On Sat, Aug 18, 2012 at 8:24 PM, wren ng thornton <wren at freegeek.org> wrote:

> On 8/17/12 12:54 AM, Alexander Solla wrote:
>> On Thu, Aug 16, 2012 at 8:07 PM, wren ng thornton <wren at freegeek.org>
>> wrote:
>>> Though bear in mind we're discussing second-order quantification here,
>>> not
>>> first-order.
>> Can you expand on what you mean here?  I don't see two kinds of
>> quantification in the type language (at least, reflexively, in the context
>> of what we're discussing).  In particular, I don't see how to quantify
>> over
>> predicates for (or sets of, via the extensions of the predicates) types.

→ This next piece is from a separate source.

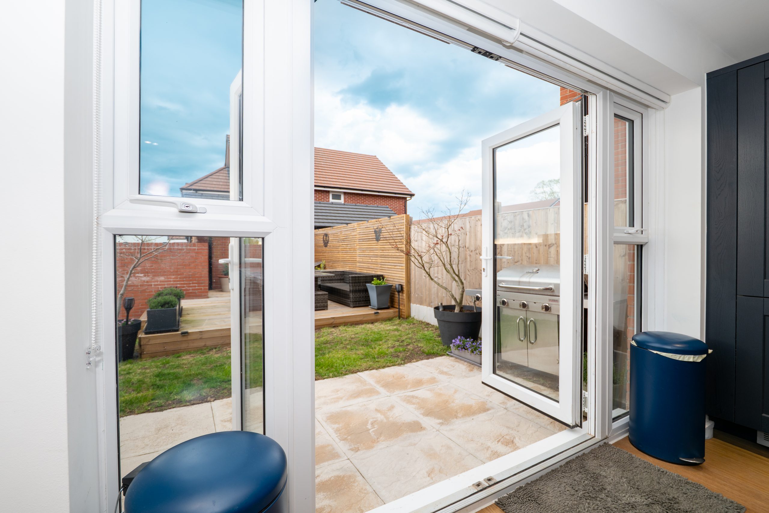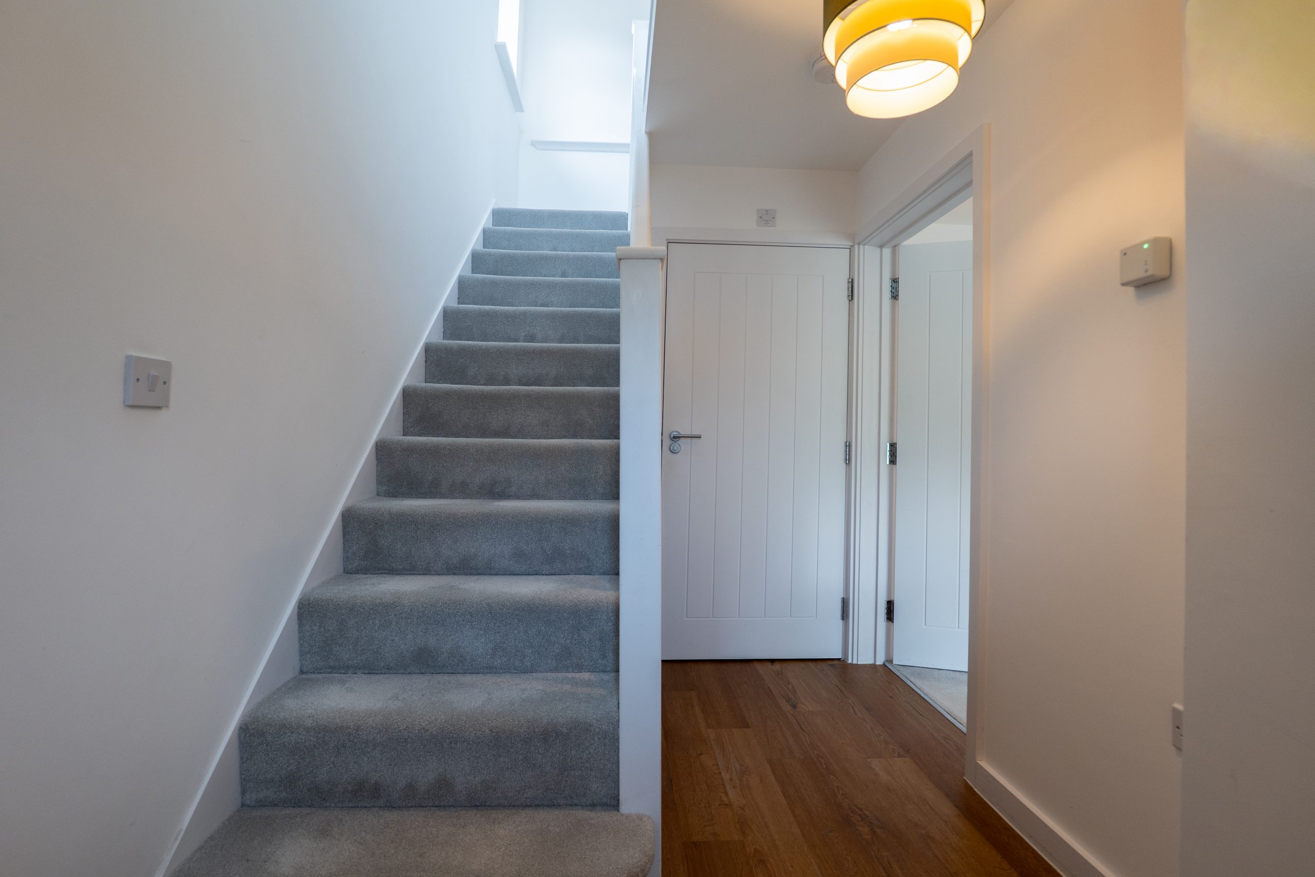 The property is entered via a south west facing front door, allowing natural light to pour into the bright and airy hallway. This welcoming space features Karndean wood effect flooring and provides access to the downstairs WC, the front facing sitting room, the staircase to the first floor and a useful understairs storage alcove. The ground floor WC is finished with the same Karndean flooring and includes a white low level WC and a wall mounted wash hand basin. The front facing sitting room enjoys a large window that floods the room with light, complemented by light grey carpeting and neutral décor. From here, a doorway leads into the stunning kitchen diner at the rear of the property. This impressive space features navy shaker style base and wall units, a central island, marble effect work surfaces, integrated dishwasher, fridge freezer, Indesit oven, induction hob and extractor fan. The Karndean flooring continues throughout, while both patio doors and a rear window provide lovely views over the garden. There is ample space for a dining table, and the kitchen also offers access to the separate utility room, which provides further appliance space and houses the Vaillant boiler.

>> Is Haskell's 'forall' doing double duty?
> Nope, it's the "forall" of mathematics doing double duty :)
> Whenever doing quantification, there's always some domain being quantified
> over, though all too often that domain is left implicit; whence lots of
> confusion over the years. And, of course, there's the scope of the
> quantification, and the entire expression. For example, consider the
> expression:
>     forall a. P(a)
> The three important collections to bear in mind are:
> (1) the collection of things a ranges over
> (2) the collection of things P(a) belongs to
> (3) the collection of things forall a. P(a) belongs to
> So if we think of P as a function from (1) to (2), and name the space of
> such functions (1->2), then we can think of the quantifier as a function
> from (1->2) to (3).
> When you talk to logicians about quantifiers, the first thing they think
> of is so-called "first-order" quantification. That is, given the above
> expression, they think that the thing being quantified over is a collection
> of "individuals" who live outside of logic itself[1]. For example, we could
> be quantifying over the natural numbers, or over the kinds of animals in
> the world, or any other extra-logical group of entities.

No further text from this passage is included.